本日の実験は『フォニックゲインの過重供給によるシンフォギアへの影響調査』である。

 

つまり、装者を使う。

そして、装者とは私だ。

 

「なんて顔してるのよ? 安全性は確認済みだから大丈夫よ」

「いえ、なんというか、真っ当に実験してる女史を見てると違和感がすごくて」

「あーら。私だって月に二、三は論文出さないとならないのよー」

 

それでも学会にはせっつかれるけど。と愚痴をこぼす女史に苦笑いで返し、ふと思いつきを口にする。

 

「暗にそれ、説得力を持たせる為だけにやる実験では」

「あら正解。
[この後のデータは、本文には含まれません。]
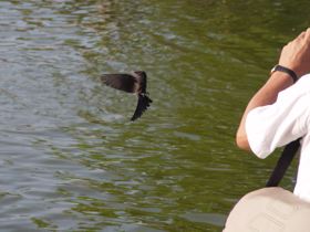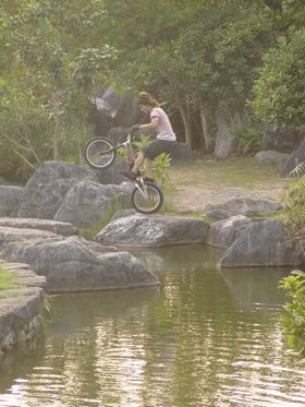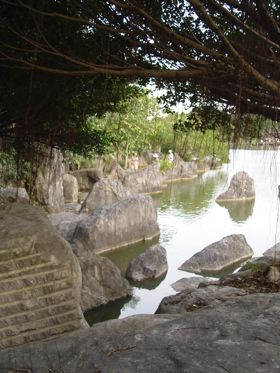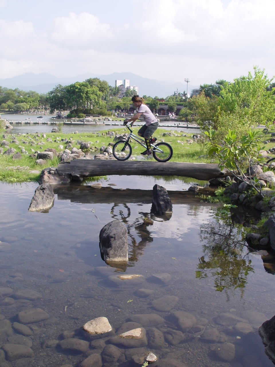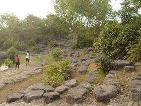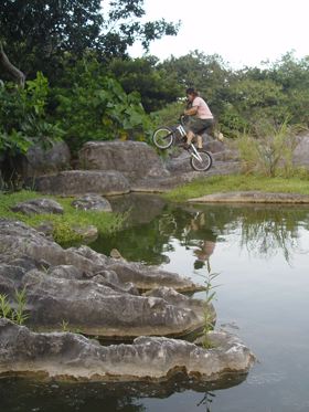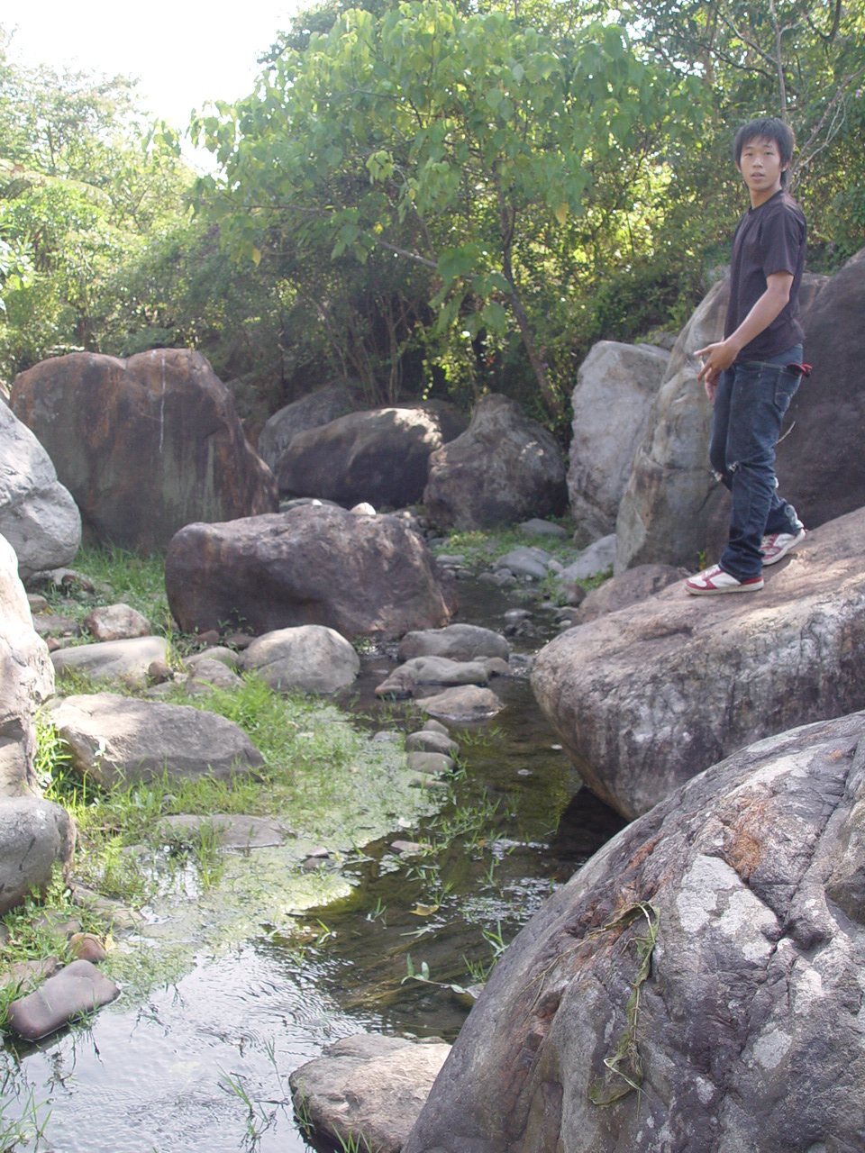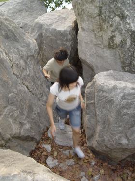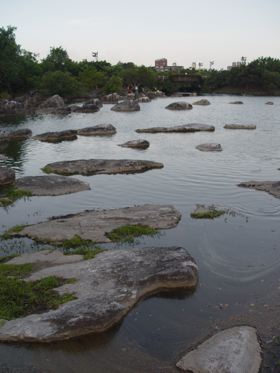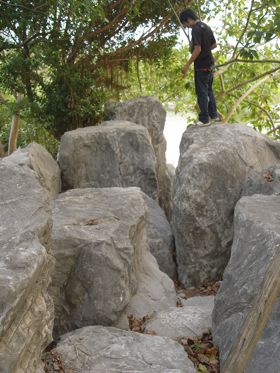 石頭堆裡面有一條路可以下到水面上,而水面上石點的距離都有點在跳遠理論值邊緣。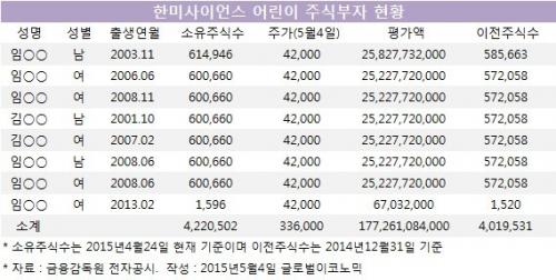 여기 회장님 손자들 2015년 기준 어린이 주식 부자 1위...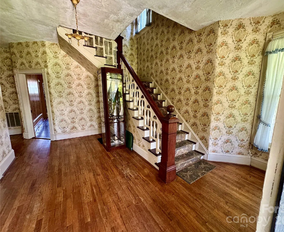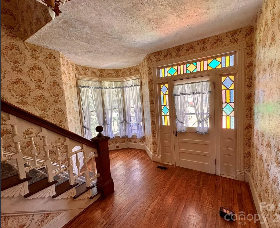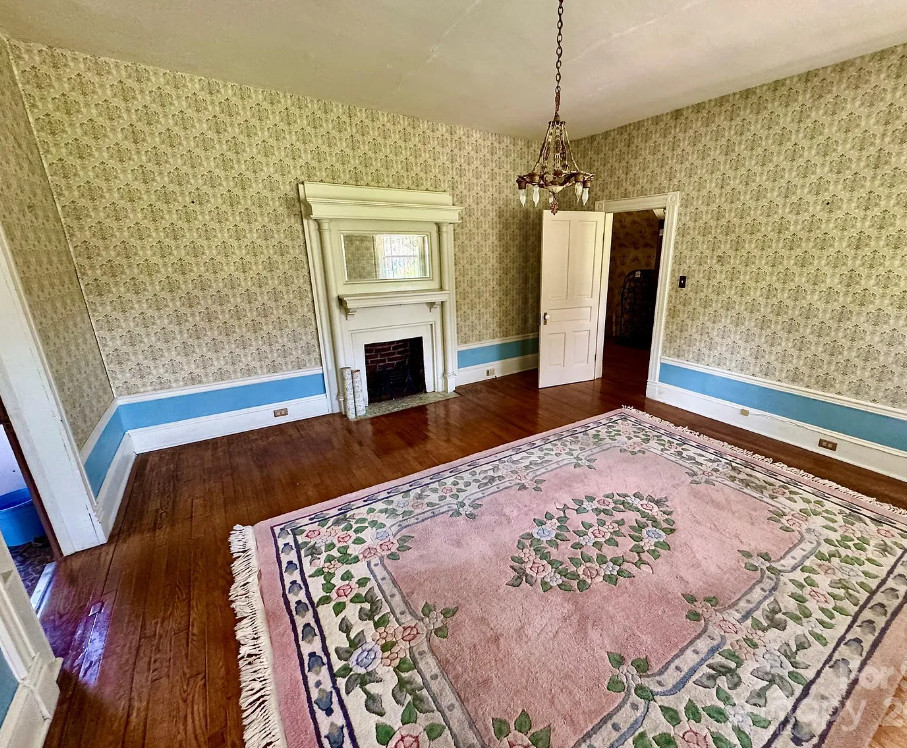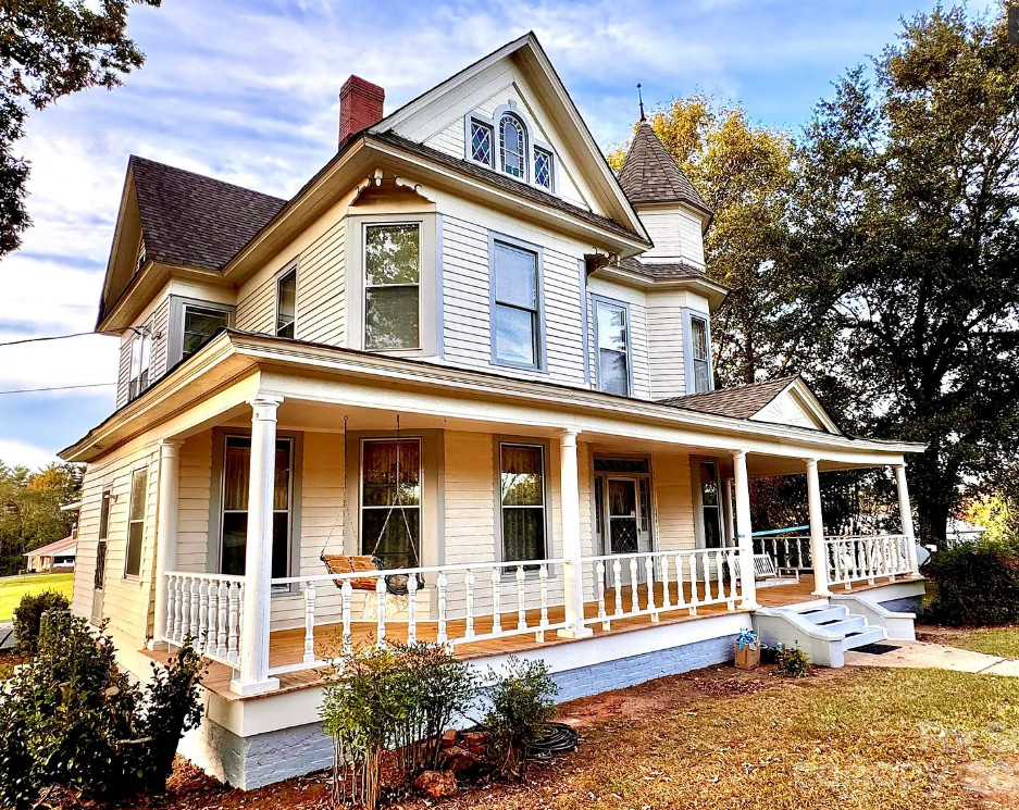 This house has a lot of original features inside! Would be a fun house to work on! The house was built in 1901. It is located on 1.6 acres in Valdese, North Carolina. The house features a large covered front porch, wood floors, vintage light fixtures, seven fireplaces, wide baseboards, beautiful front door with stained glass, french doors, claw foot tub, crown moulding and bead board. There is an attached carport. Four bedrooms, two bathrooms and 2,729 square feet. $399,000

ちなみに仮説では、いくつかのギアのロックが外れて限定条件下での運用が可能になる。というのが有力ね」

「ほぇ」

 

流石に国家機密の装者を使って実験しただなんて口が裂けても言えないけどねと笑いながら続ける女史だが、受ける側としてはたまったものではない。

 

「ま、弦十郎君にも『やりすぎるな』と釘刺されてるし、安心すると良いわ」

「櫻井女史って割とマッドですよね」

「あら。お熱いのが所望?」

「櫻井女史って優しくて素敵だなぁ!」

 

よろしい。と女史は言いながらも慣れた手付きで私に枷を嵌めてくる。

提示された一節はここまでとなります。